_Assigned task_. Look below for the line containing "色々な方との試合で、ポイント" and the line containing "Однотонный зеленый сарафан", then set down both and every line between them exactly, without pictures.

_Working data_.
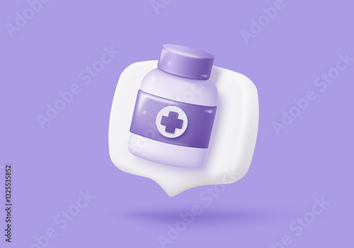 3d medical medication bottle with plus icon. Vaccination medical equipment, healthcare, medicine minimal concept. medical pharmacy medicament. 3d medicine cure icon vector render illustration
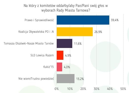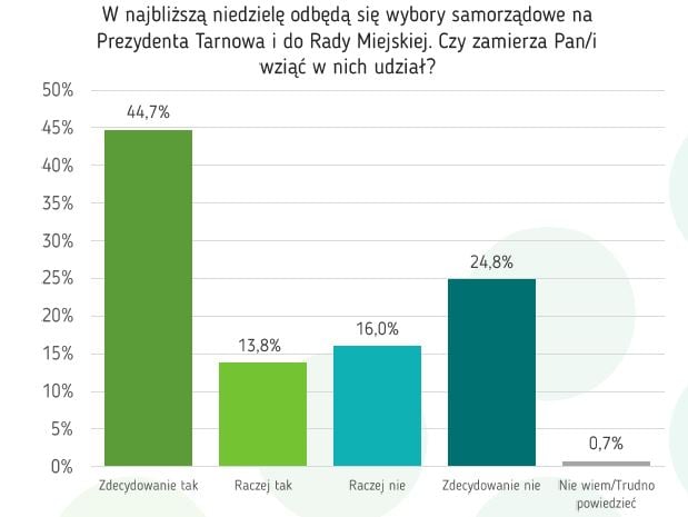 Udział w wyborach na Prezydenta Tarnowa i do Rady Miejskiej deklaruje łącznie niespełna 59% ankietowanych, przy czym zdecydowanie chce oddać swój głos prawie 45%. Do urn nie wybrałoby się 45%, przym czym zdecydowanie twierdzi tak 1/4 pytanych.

==

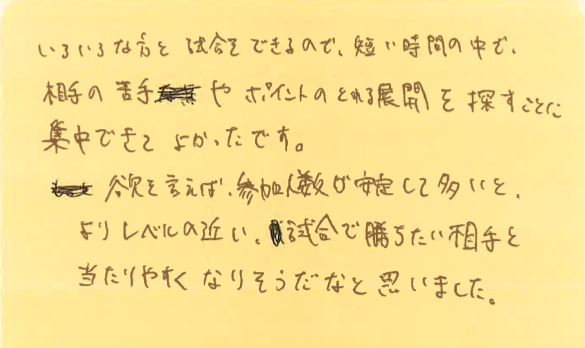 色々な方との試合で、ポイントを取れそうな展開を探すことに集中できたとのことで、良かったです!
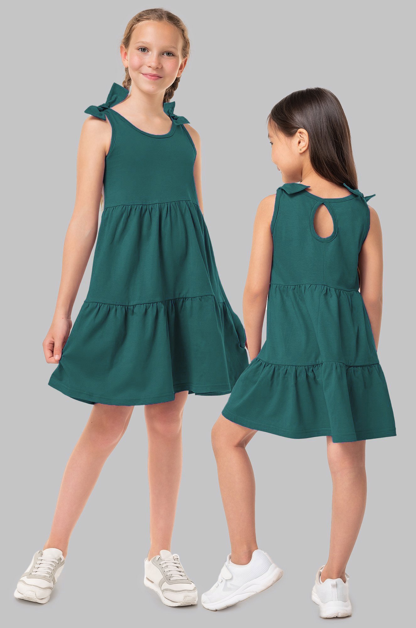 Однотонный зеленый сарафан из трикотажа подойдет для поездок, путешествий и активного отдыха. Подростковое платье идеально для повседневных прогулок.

_The completed task_.
 色々な方との試合で、ポイントを取れそうな展開を探すことに集中できたとのことで、良かったです!
 Однотонный зеленый сарафан из трикотажа подойдет для поездок, путешествий и активного отдыха. Подростковое платье идеально для повседневных прогулок.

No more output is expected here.